Allegis Group, a global talent solutions firm, relies on Snowpark to support ML and artificial intelligence (AI) solutions that leverage data in the Allegis Enterprise Data Platform on Snowflake.
“At its core, Snowpark is all about extensibility, and Snowpark for Python provides us with the tools we need to work with data effectively in our programming language of choice,” said Joe Nolte, AI & MDM Architect, Allegis Group.“Snowpark is becoming our preferred framework for data science and application development, providing our teams with a seamless experience to easily collaborate with data and bring everyone onto the same platform for accelerated time-to-value.”
Snowflake Increases Data Access for Faster, More Valuable Insights
Getting access to the right data quickly and efficiently is critical for improving developer productivity, building ML models with increased accuracy, and delivering more powerful applications.
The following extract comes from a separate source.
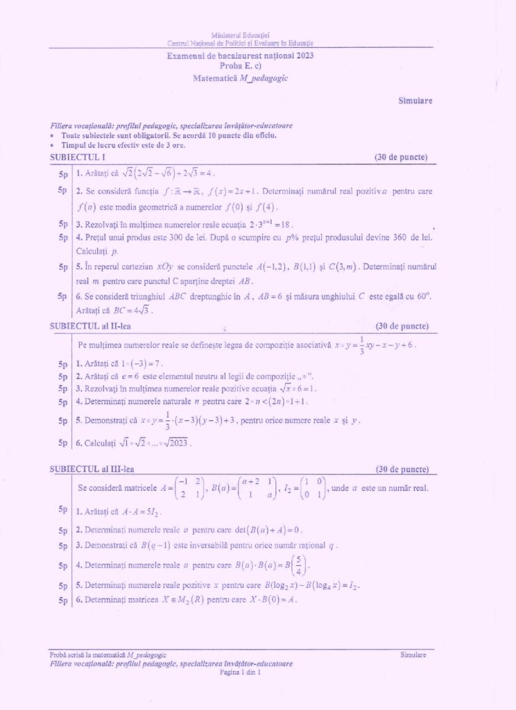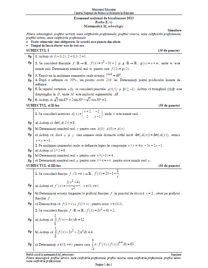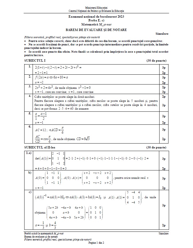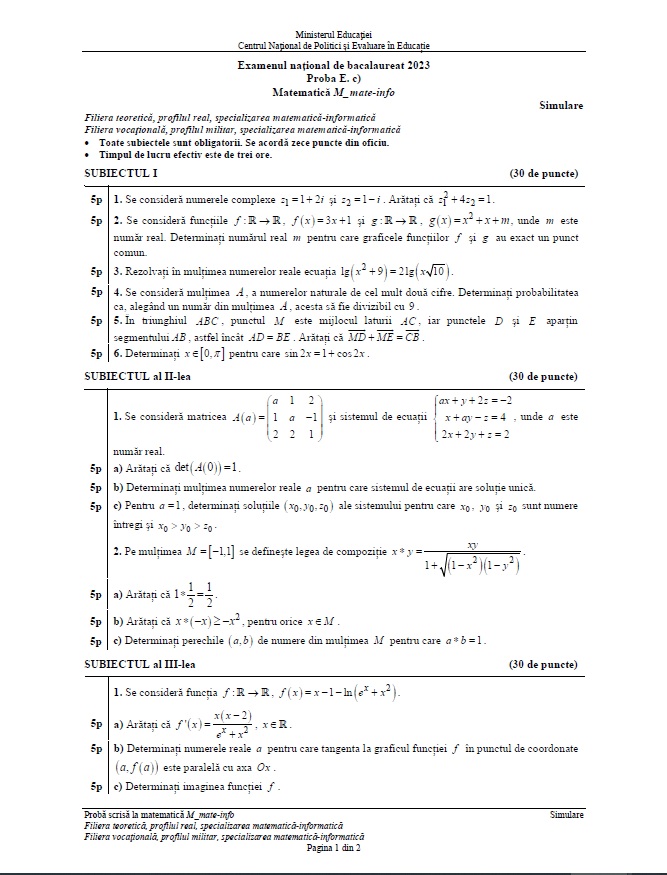 Citește și: Subiecte simulare BAC 2023 Matematică M1, M2, M3 şi M4. Baremul de corectare, pe EDU.ro

Snowflake’s enhancements enable teams to experiment faster, with more data at their fingertips, driving increased programming capabilities and deeper insights for users.
New innovations include:
Streaming Data Support to eliminate the boundaries between streaming and batch pipelines with Snowpipe Streaming, now in private preview, for serverless ingestion of streaming data, and Materialized Tables, currently in development, which make it simple to transform streaming data declaratively.
Iceberg Tables in Snowflake, currently in development, to enable users to work with Apache Iceberg, a popular open table format, in external storage while taking advantage of the ease-of-use, performance, and consistent governance of the Snowflake platform, simplifying overall data management and enabling architectural flexibility.
External Tables for On-Premises Storage, now in private preview, to allow users to access their data in on-premises storage systems like Dell Technologies, Pure Storage, and more from Snowflake so they can benefit from the elasticity of the Data Cloud without moving this data.
“We are heavily investing in Python to make it easier for data scientists, data engineers, and application developers to build even more in the Data Cloud, without governance trade-offs,” said Christian Kleinerman, Senior Vice President of Product, Snowflake. “Our latest innovations extend the value of our customers’ data-driven ecosystems, enabling them with more access to data and new ways to develop with it directly in Snowflake. These capabilities, paired with Snowflake’s best of class data security and privacy, are changing the way teams experiment, iterate, and collaborate with data to drive value.”